He did say it will be built PTP by hand using NOS components from the 60s/70s (mustard caps, Iskra and Beyschlag resistors etc.). 

The transformers are special wounded to his specs on SRBP (paper bobbins) which are manufactured exclusively for his transformers, and he said the transformers alone cost more than some 100w tube amps on the market lol.

So I'm guessing it won't be cheap?


----------



## USMarine75 (Jun 13, 2020)

DeathByButterslax said:


> I can’t wait for mine, he received a Marshall 1959 slp he is going to mod for me with the 5 gain stage metal mod



We'll definitely need pics and a demo of that!

@technomancer can probably assist you with appropriately changing your username


----------



## USMarine75 (Jun 13, 2020)

HeHasTheJazzHands said:


> I'm assuming the new amp is gonna be based on his PA amp rebuilds by the sound of things?



Speaking of which... this is what those PA rebuilds look like under the clothing.


----------



## Werecow (Jun 13, 2020)

USMarine75 said:


> Speaking of which... this is what those PA rebuilds look like under the clothing.
> 
> View attachment 81854
> View attachment 81855
> ...


----------



## technomancer (Jun 13, 2020)

I still love that he takes the time to strip or black out the values on every component in the amp 

Guess it's not as bad as gooping it though...


----------



## Werecow (Jun 13, 2020)

technomancer said:


> I still love that he takes the time to strip or black out the values on every component in the amp
> 
> Guess it's not as bad as gooping it though...

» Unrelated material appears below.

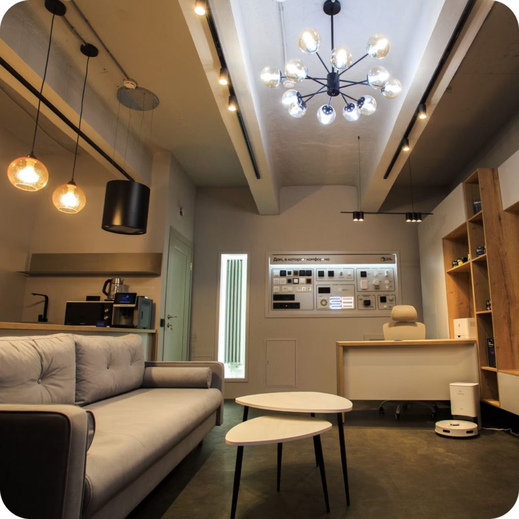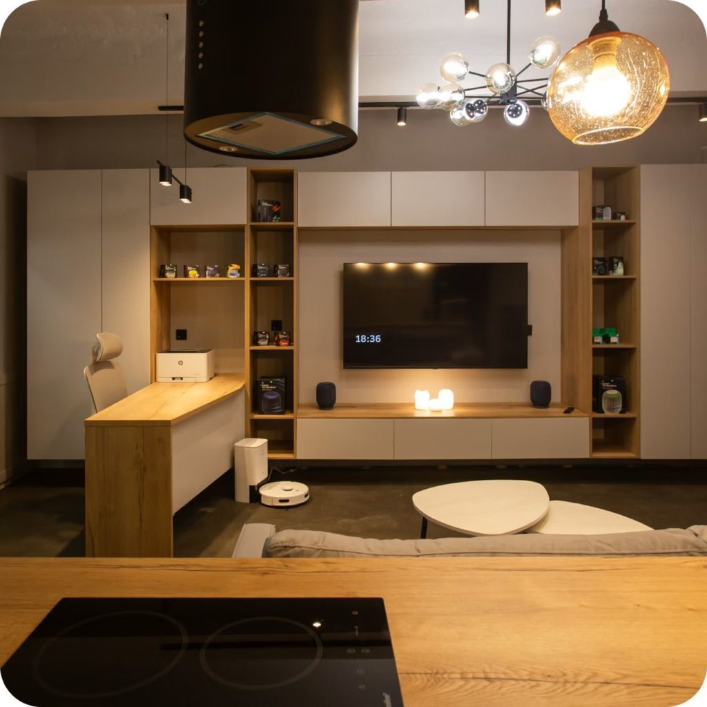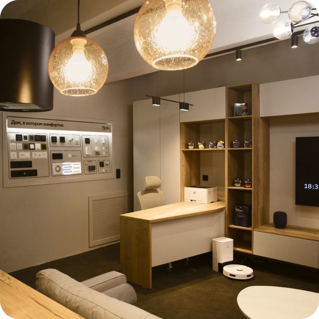 Внутри реализовано более 100 сценариев: поддержание комфортной температуры, автоматическая смена освещения, система умной защиты от протечек, управление бытовыми приборами с помощью умных розеток и другое. Кроме того, в шоуруме стоят умные ТВ и колонки с искусственным интеллектом GigaChat.

Does that make it impossible to repair by anyone but him?


----------



## MaxOfMetal (Jun 13, 2020)

Werecow said:


> Does that make it impossible to repair by anyone but him?



Not impossible, but certainly more difficult.


----------



## technomancer (Jun 13, 2020)

MaxOfMetal said:


> Not impossible, but certainly more difficult.



What Max said.


----------



## DeathByButterslax (Aug 6, 2020)

Quick update;

Received my Hermansson Marshall last week.


Fuck. Best amp I've ever played up to this date. Its unreal it has this super fast attack that can't be beat. It is like this super fast catch/release that is created by the tight knob. I think he said something about the Tight knob controlling a cathode follower? I opted for a depth knob w/3-way switch, and a mid-boost and if any of you are looking to get one of these I highly recommend adding these features. He also does a 3-way bright/dark switch and a 3-way presence but I was worried that would give me option paralysis so I stayed way from those.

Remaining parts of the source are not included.